__Stored data__:
+++

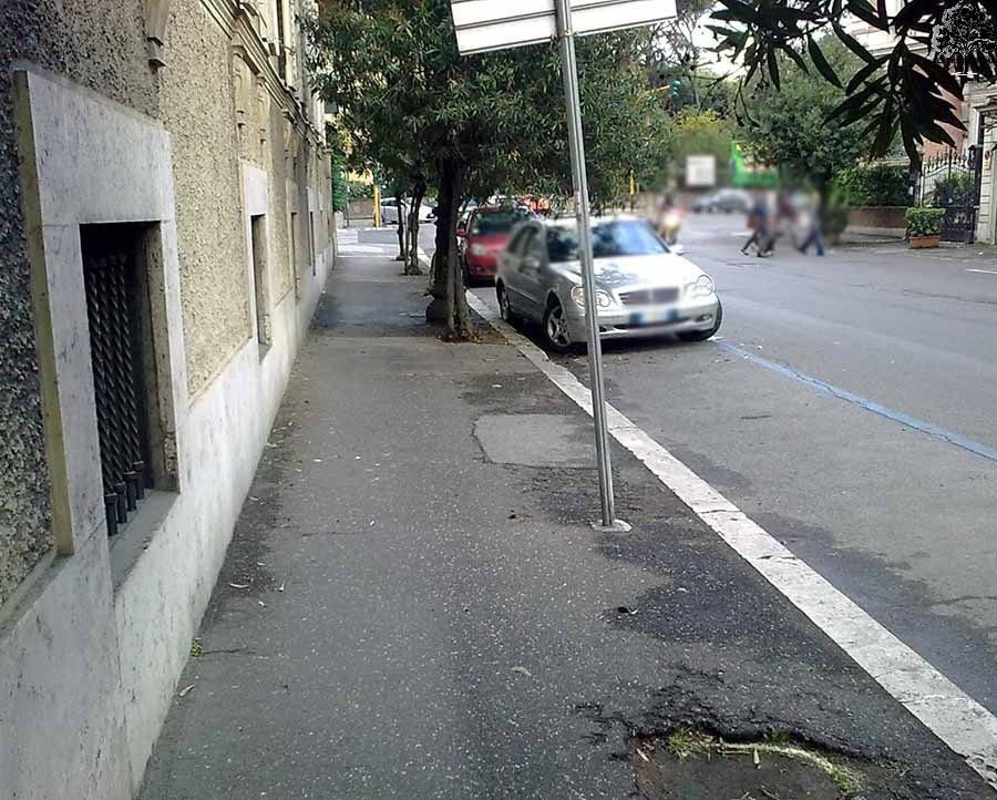Via Giovanni Aldega (b). Esempio di consumo del territorio: in primo piano un aiuola abbandonata e poco più avanti una toppa di asfalto a ricoprire la sede di un albero ormai scomparso. Data: 15 Maggio 2011.
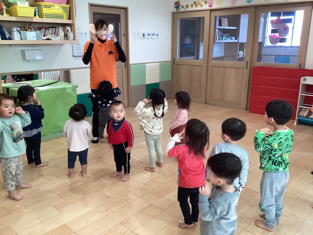 保育者の動きを見ながら、楽しく踊る子どもたち🕺
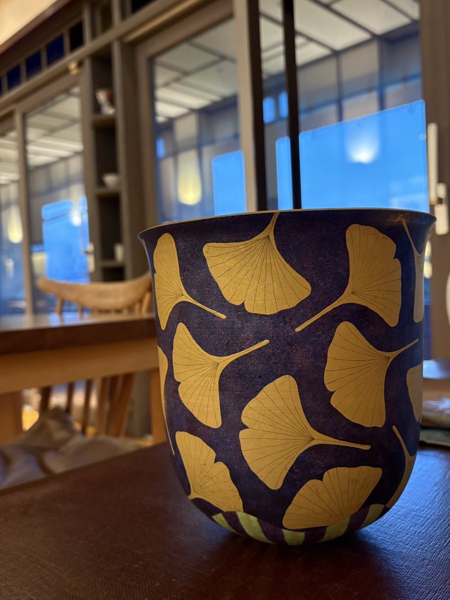 ☀秋のおでかけには #石川県九谷焼美術館 へどうぞ☀ 美術館前の #古九谷の杜親水公園 は紅葉がすすみ色鮮やかです🍁天気の良い日は美術館鑑賞と公園の散策もおすすめ✨ 休憩にはどうぞ #茶房古九谷 をご利用くださいませ☕ 店内の作品からも秋が感じられます🍂 #高山和夫 #銀杏 #kutaniware #Ginkgo pic.x.com/2mjQHds5EO
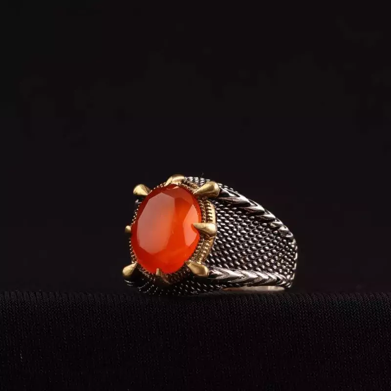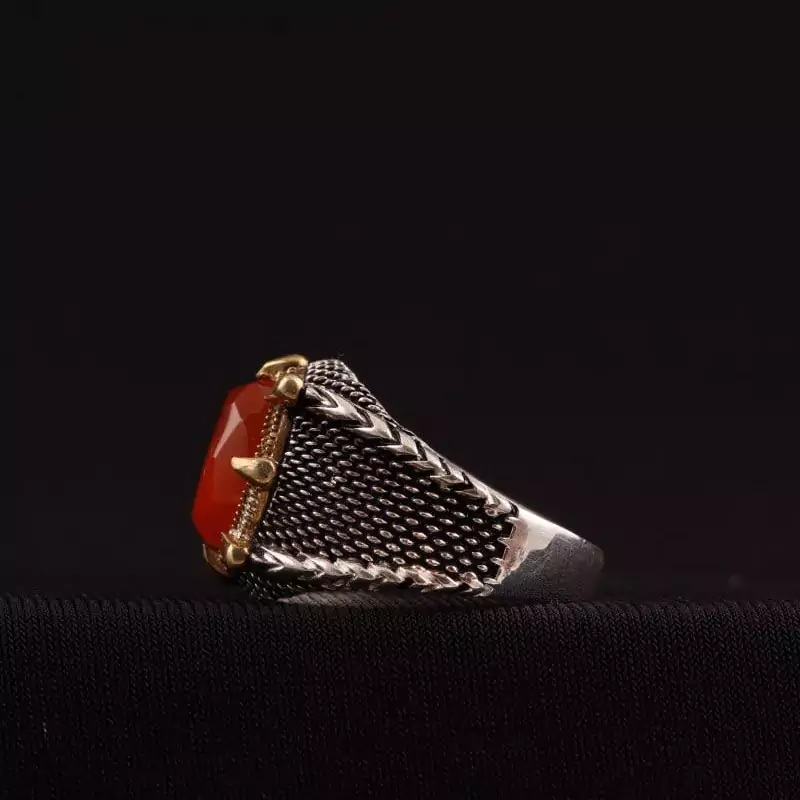 نگین این انگشتر اسپرت عقیق یمنی اصل و خوش رنگ می باشد.

+++

__Work task__:
After locating the line with "保育者の動きを見ながら、楽しく踊る子どもたち🕺" in the listing above, transcribe it and every line after it to the last, exactly, with no pictures.

__Written answer__:
 保育者の動きを見ながら、楽しく踊る子どもたち🕺
 ☀秋のおでかけには #石川県九谷焼美術館 へどうぞ☀ 美術館前の #古九谷の杜親水公園 は紅葉がすすみ色鮮やかです🍁天気の良い日は美術館鑑賞と公園の散策もおすすめ✨ 休憩にはどうぞ #茶房古九谷 をご利用くださいませ☕ 店内の作品からも秋が感じられます🍂 #高山和夫 #銀杏 #kutaniware #Ginkgo pic.x.com/2mjQHds5EO
 نگین این انگشتر اسپرت عقیق یمنی اصل و خوش رنگ می باشد.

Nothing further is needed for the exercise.